The use of surgical device 640 is advantageous in that space is limited for performing tissue loss surgery, and particularly when other instruments are inserted simultaneously into outer tube 102, the use of conventional surgical scissors is difficult . In addition, fibrosis of the tumor may make it difficult to use conventional suction-reduction devices. Conventional graspers work by tearing the tissue of interest. However, if the blood vessels or fibers are too close to the tearing tissue and such blood vessels or fibers are also torn, such tearing can be a problem.

As the region of interest 500 is cytoreductively debulked, it may be necessary to reposition or move the outer tube 102. When the positional change is required, in one exemplary configuration, the operating member may be provided. An example of an operating member is described in co-pending U. S. Patent Application No. 13 / 280,015.

The outer tube 102 is configured such that a plurality of instruments can be simultaneously inserted therein, thereby increasing the speed and safety of the surgical procedure. In one exemplary configuration, the endoscope can be partially inserted into and retained at one side of the outer tube 102, so that while the surgical instrument, such as the surgical instrument 640, is also inserted into the outer tube 102, 500) to the monitor. It is also contemplated that endoscope and surgical (e.g., as described in co-pending US patent application Ser. No. 13 / 280,015), which is inserted through an access opening in which the illumination ring is aligned with opening 146 of the grip ring 120 Can be used with instruments. Because the illumination ring provides light to the outer barrel 102, a relatively small diameter endoscope can be used, which can increase the space in the outer barrel 102 where other surgical instruments are available. In another exemplary arrangement, the surgeon can simultaneously insert both the surgical instrument and the cautery instrument into the outer tube 102, allowing the surgeon to cauterize during surgery.

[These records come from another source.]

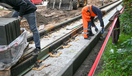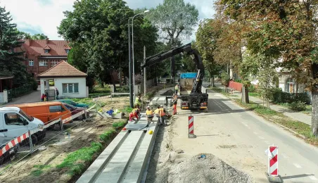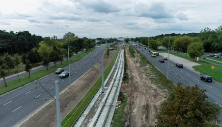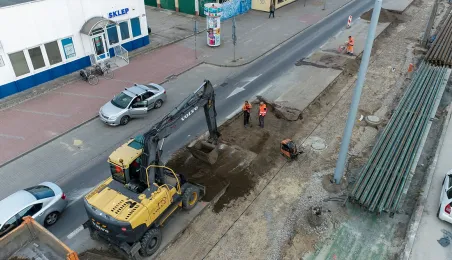 Na ul. Bydgoskiej, na odcinku od ul. Reja do ul. Sienkiewicza, niemal gotowa jest płyta podtorowa i trwa montaż szyn. Ustawiono już większość słupów trakcyjnych. Wykonawca planuje zakończyć prace w grudniu 2021. Na odcinku od ul. Sienkiewicza do Chopina usuwane są kolizje z sieciami podziemnymi. Zakończenie robót na tym etapie planowane jest w sierpniu 2022 r. Na Szosie Lubickiej, na odcinku od pl. Daszyńskiego do ul. Ślaskiego, kontynuowane są prace przy budowie toru północnego. Fot. MZK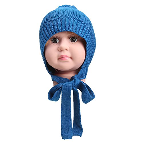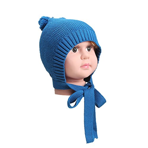 (コ-ランド) Co-land ニット帽子 キッズ 秋冬 可愛い ボンボン ベビーハット 子供用 とんがり 帽子 女の子 男の子 赤ちゃん ニットキャップ ブルー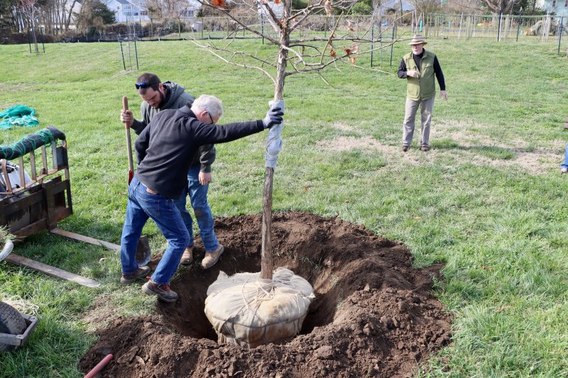 Landscapers placed the official Lewes semiquincentennial tree in Stango Park March 25.

Because the outer barrel 102 can be positioned directly in the area of interest in a manner that prevents unnecessary damage to the critical structure and because the surgical device 640 can be positioned directly in the field of view of the area of interest, Utilizing the access system 100 provides the ability to ablate most of the area of interest, such as the tumor. As will be appreciated by those skilled in the art, the more tumors are ablated and removed, the less the therapies required for treatment. In other words, the more abstinence of the diseased tissue, the less the sick tissue to destroy.

During surgical operations, the surgeon often deploys a surgical patty or pledget in or near the area of interest. Surgical patties are used for brains in spinal surgery for various functions. One of these functions is to protect the brain and nerve tissue from devices deployed adjacent to these brain and nerve tissues. Another function is to allow removal of fluids that may interfere with or interfere with surgical procedures and treatments performed in the area of interest.

However, current surgical patties have some problems. Certain known surgical patties consist of absorbent cotton gauzes, which are chemically bonded together to give the felt a relatively high wet strength. Therefore, the resulting gauze structure has a surface containing various absorbent fibers. If the surgical patty is left in place, the fluid present will be transmitted through the fibers, so that the fibers are no longer absorbent and tend to adhere to the neurovascular tissues to which the gauze structures are in contact. Another problem encountered with surgical patties is that the gauze side should not abrade the tissue when the surgical patty is pulled across the tissue.

An exemplary configuration of a surgical patio assembly 700 that may be deployed within the outer casing 102 is shown in Figs. 7-9. The surgical patio assembly 700 generally includes a patty body 702. Also, a retention code 704 may be provided. In one exemplary configuration, the patty body 702 is configured such that the patty body 702 is relatively thin and the profile is relatively thin. In one exemplary configuration, the patty body 702 has a rectangular portion 706 and a converging portion 708, although the patty body 702 can have a variety of shapes. The converging portion 708 may terminate at the rounded tip 710 to permit selective placement of the patty body 702 within the tight or constricted space.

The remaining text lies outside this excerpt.